Traveling wave reactors could run for millennia on nuclear waste

Traveling wave reactors could run for millennia on nuclear waste

When we dig uranium out of the ground, 99% of it is U-238, which we don't care about. 1% of it is U-235, which we use for all kinds of things, including conventional reactor fuel. Bill Gates and some of his pals figure that it would be a much better idea if we could just burn the U-238 instead.

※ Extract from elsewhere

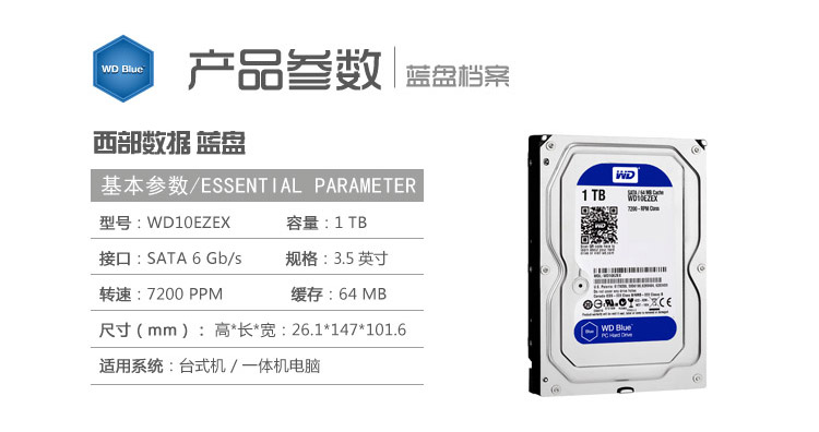 商品名稱:WD/西部數據 WD10EZEX 西數1t 臺式組裝電腦機械硬盤 1000G 藍盤
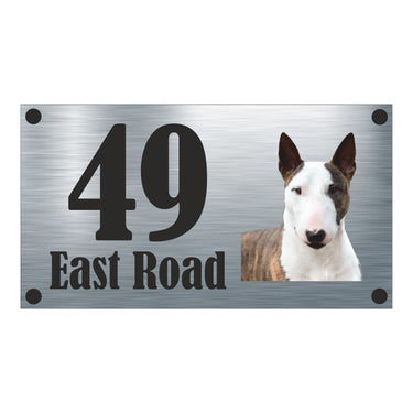 Dog Collection - English Bull Terrier Brindle (HEAD ONLY) Aluminium House Sign - Personalised

Using U-238 as fuel wasn't Bill's idea, but it's taken until recently for supercomputers to figure out how to make the reaction work properly. Based on these new data, Gates helped fund a startup called Terrapower, which is attempting to build the first prototype of a new type of nuclear reactor called a "traveling wave" reactor.
A traveling wave reactor gets its name from how the nuclear reaction propagates through the reactor's fuel. A bunch of rods of U-238 are placed in a big cluster, and a rod of U-235 (just one) kick starts the whole thing. The U-238 gets converted to plutonium 239, which generates heat keeps the reaction going, and as the reaction propagates outwards in a sort of wave, more rods of U-238 get shuffled into the middle. And after the fuel gets all used up, you can take it out and use it to kick start a new reactor.
So basically, you can burn the expensive fuel. You can burn the cheap fuel. You can burn the waste that the fuel produces. And you can even burn the much more dangerous waste produced by other types of reactors. There's enough leftover U-238 just sitting around to power our entire country for centuries, and by extracting uranium from seawater (which is apparently easy to do), you could provide power to the entirety of civilization until our planet falls into the sun. Or at least, for about a million years.
Oh, and if you're worried about meltdowns and stuff, the Terrapower prototype will be passively cooled, meaning that it won't rely on the active cooling techniques that didn't work at Fukushima. Terrapower hopes to being construction around 2016 or thereabouts, and have the traveling wave reactor up and cooking by 2020.